Linear Sphere to w zasadzie kompletnie nieznany, brytyjski zespół, który sam wypuścił na rynek swój debiutancki krążek "Realisty Dysfunction". To, że trafiłem na tą kapelę, było czystym przypadkiem - po prostu gdzieś natrafiłem na recenzję, w której autor zachwalał wysokie umiejętności techniczne muzyków. Trzeba było więc zapoznać się z zawartością.

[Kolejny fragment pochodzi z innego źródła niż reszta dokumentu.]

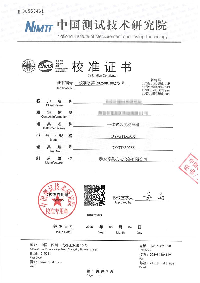 | 上一條:表面溫度計(jì)校準(zhǔn)儀(40-400℃)校準(zhǔn)證書(shū) | 下一條:高精度制冷恒溫槽(-80~100℃)校準(zhǔn)證書(shū) |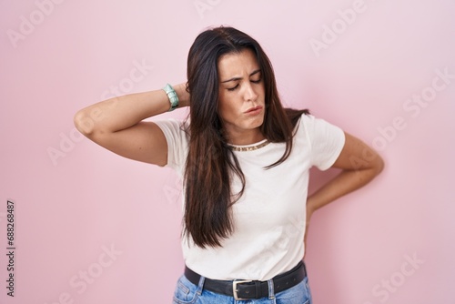 Young brunette woman standing over pink background suffering of neck ache injury, touching neck with hand, muscular pain

Siedem utworów, w tym jeden 25-minutowy nie spowodowało
jednak przyspieszonego bicia serca. Rzeczywiście, jeśli chodzi o poziom
instrumentalny to jest on wyśmienity, ale o wiele słabsza jest warstwa
kompozycyjna. Linear Sphere odważnie stara się łączyć twórczość Dream
Therater, Watchtower, Mekong Delta, Annihilator, Fates Warning i
Meshuggah. Efekt jest taki, że dostaliśmy perfekcjny technicznie, ale
kompozycyjnie niespójny materiał. Ostre, neothrashowe granie, łączy się
z delikatnymi progmetalowymi motywami. Skrzekliwy wokal a la Randy
Rampage, tyle, ze gorszy, kompletnie nie pasujący do obranej konwencji,
niewielka ilość melodii i brak jakiegokolwiek budowania napięcia u
słuchacza nie są jednak zachęcającymi czynnikam, aby sięgnąć po ten
krążek. Również jeśli chodzi o partie instrumentalne, to do
oryginalnych nie należą - są niemal żywcem wyjęte z twórczości
power/progmetalowych zespołów. Choć cały ten misz-masz brzmi dosyć osobliwie, to jest on nieumiejętnie skomponowany. W zasadzie każdy element jest zapożyczeniem od jakiegoś innego zespołu. Osoby szukające jedynie czegoś do połamania palców na gryfie, na pewno znajdą tutaj sporo ciekawych dla siebie rzeczy, ale nie polecam tego wydawnictwa komuś, kto oczekuje od muzyki czegoś więcej. Linear Sphere pokazał swoją siłą rażenia, która rzeczywiście jest duża, ale wszystko tutaj jest jak w sowieckim wojsku - ilość ponad jakość, oraz brak uwagi na straty we własnych szeregach. Może Ci muzycy dojdą kiedyś do wniosku, że nie tędy droga.